What started with Yash Raj Films’ Fanaa in 2006 has now snowballed into a full blown controversy and war of words! While the multiplexes have been united thus far, the Hindi film producers came together a couple of months back and started holding discussions on the issue.
The disagreement over revenue sharing terms for movies between national multiplex chains and movie distributors and producers has now reached its peak wherein the two parties are not willing to come to a middle ground over their respective demands. Come 4 April and producers will desist from releasing their movies in plexes.
While the producers body met on 16 March and laid open their woes and demands, on 17 March it was the exhibitors who did the same. Each side has their own story and one which they are definitely sticking to… at least as of now!
In this EXCLUSIVE chat, producer MUKESH BHATT spoke to Businessofcinema.com post the multiplex media briefing and shared his views on the points put forth by the exhibitors.
In the conference today, multiplexes have proposed a performance linked revenue share model for films. What are your thoughts on it?
Nowhere in the world are these dictates happening. Which business runs on the basis of performance? We do not want the bonus from a successful film; we just want our equal share.
You may not want any bonus on a successful film. But doesn’t a flop film take away an undeserving share?
If a movie does not do well, they pull it off anyway. They are unscrupulous. On Monday itself, in the middle of a week, they start reducing the number of shows for a film that doesn’t do well. If they cannot bear with our poor films, then why should we feed their poor properties?
Could you please elaborate on this?
When a distributor is releasing a film and chooses to have a limited release in few cinemas, say for instance, a distributor wants to release a movie in 20 cinemas only, he is forced by the multiplexes to release it in 40 cinemas because each one of them want content to feed their cinemas. So I end up bearing additional expenditure on print cost and if I refuse to abide, they say they will not play our movie in any cinema across the country.

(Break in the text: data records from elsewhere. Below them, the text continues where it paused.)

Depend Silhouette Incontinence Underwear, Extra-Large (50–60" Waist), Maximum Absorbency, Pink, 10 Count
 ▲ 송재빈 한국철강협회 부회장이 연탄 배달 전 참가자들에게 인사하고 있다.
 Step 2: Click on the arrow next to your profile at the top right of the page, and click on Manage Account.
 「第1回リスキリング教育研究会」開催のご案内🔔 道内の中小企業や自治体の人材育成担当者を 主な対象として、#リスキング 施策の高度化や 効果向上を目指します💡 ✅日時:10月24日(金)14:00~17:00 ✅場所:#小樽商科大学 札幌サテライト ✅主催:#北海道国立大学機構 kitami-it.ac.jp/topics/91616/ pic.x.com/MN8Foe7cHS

In Bombay city itself there are some prime properties and some bad ones, now do they deserve the same terms? The problem is that multiplexes prejudge a movie’s fate and decide the percentage.
So are you saying the performance linked revenue share model doesn’t suit you? Why can’t both parties sit across the table and decide upon appropriate benchmarks?

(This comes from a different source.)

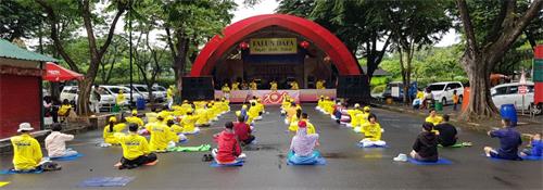 '图1~3:雅加达法轮功学员集体炼功'
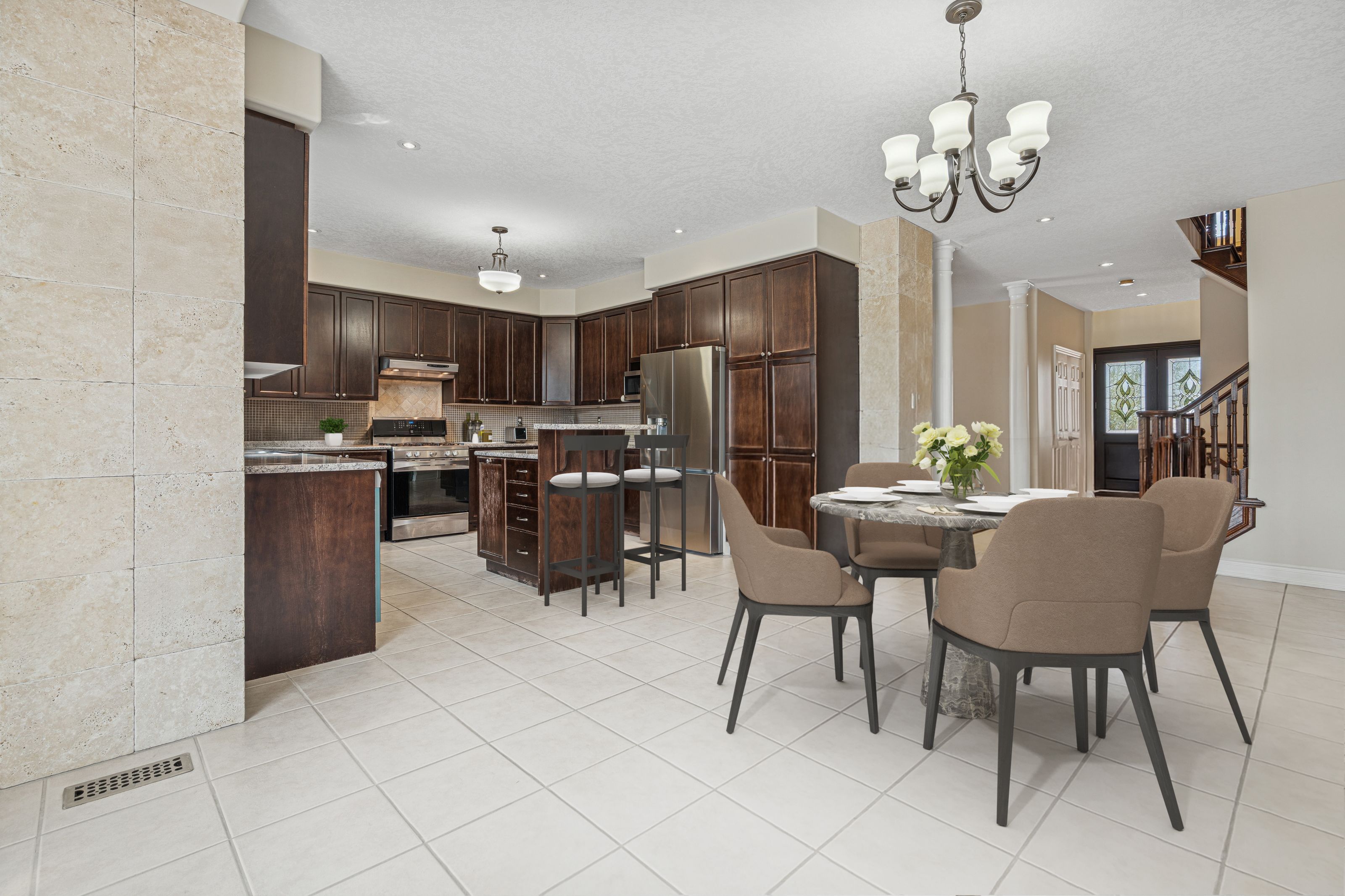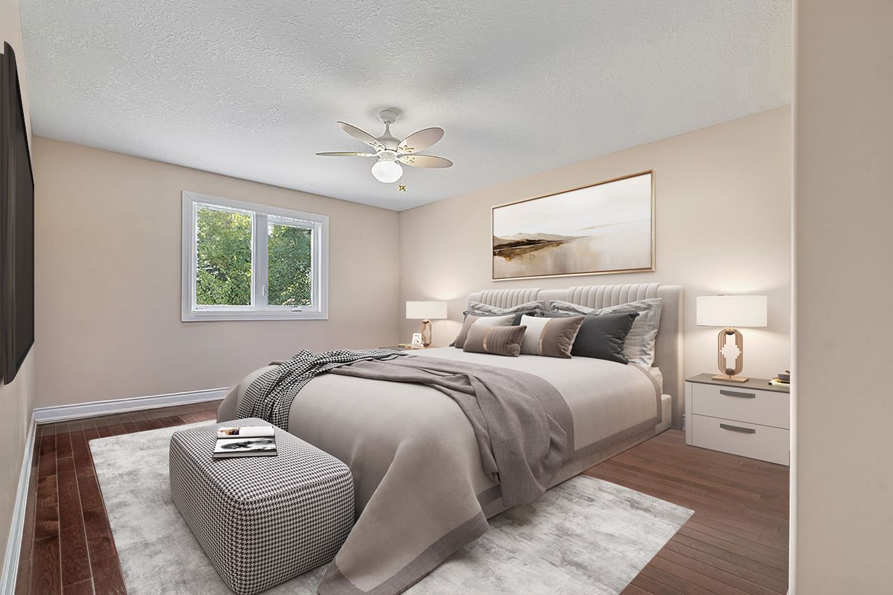 Welcome to this stunning 5-bedroom family home nestled in a sought-after neighbourhood just steps from the lake and nearby parks! Situated in a quiet, family-friendly area, this beautifully updated residence offers over 2,700 sq. Ft. Of above ground living space in addition to a fully finished basement with premium bar from california. Enjoy hardwood flooring throughout, with premium red oak hardwood on the second floor. The spacious layout features a cozy gas fireplace on the main floor and a second gas fireplace in the serene primary bedroom retreat. Thoughtfully upgraded throughout, this home boasts 37 new brick-to-brick windows, all new doors, upgraded plumbing, modern dimmable pot lights, and new fire detectors. The professionally finished basement includes a built-in audio stereo system. Don't miss this rare opportunity to own a truly move-in ready home in an unbeatable location! Some photos have been virtually staged to help showcase the home's potential.

Dev D fared very well; it still didn’t get more share than agreed terms. I will give you an example of my movies Jannat and Raaz 2. Jannat was a successful film produced by Vishesh Films in 2008 and starred Emraan Hashmi, which was released with 48 percent revenue share. But when Vishesh Films was releasing Raaz 2 starring Emraan again, we got 45 percent revenue share. All this despite the fact that sequels are known to give 300 percent more revenues than their previous films, be it Gomaal Returns, Phir Hera Pheri, Dhoom 2 etc.
However, the attitude of multiplex officials was – ‘Take it or leave it.’ They do not even have the decency to sit across the table. They are a bunch of scoundrels and it is shameful what they are doing and we know we are fair in our demand.
Touching upon what producers said about multiplexes delaying your revenue share payment for 60 – 90 days… similarly so many distributors too are liable to pay multiplexes since so many months. What’s your comment on the same?
Yes, but do you know that the distributors collectively do not owe multiplexes more than three percent of what the multiplexes owe the distributors? And do you know what they do with out money? They are using our money interest free to build their multiplexes and for their expansion!
We are taking so much risk. They are making money on popcorn, car park and ads because audience is coming in their cinemas to watch our movies. Are we asking for a share in their sales? But if our movie only doesn’t play, then they too will not be able to make revenue because people will not come to cinemas to see walls.
Cinemas too take risk, they too invest in properties just the way producers and distributors invest in movies.
But you know, one bad film will not shut down their property. We are talking about loss in profits of a multiplex as opposed to loss in capital of a producer/ distributor. Is Rs 30 crores capital of a movie more valuable than Rs 2 lakh a cinema loses?
If they kill us, they will definitely die. They can then make their multiplexes into warehouses.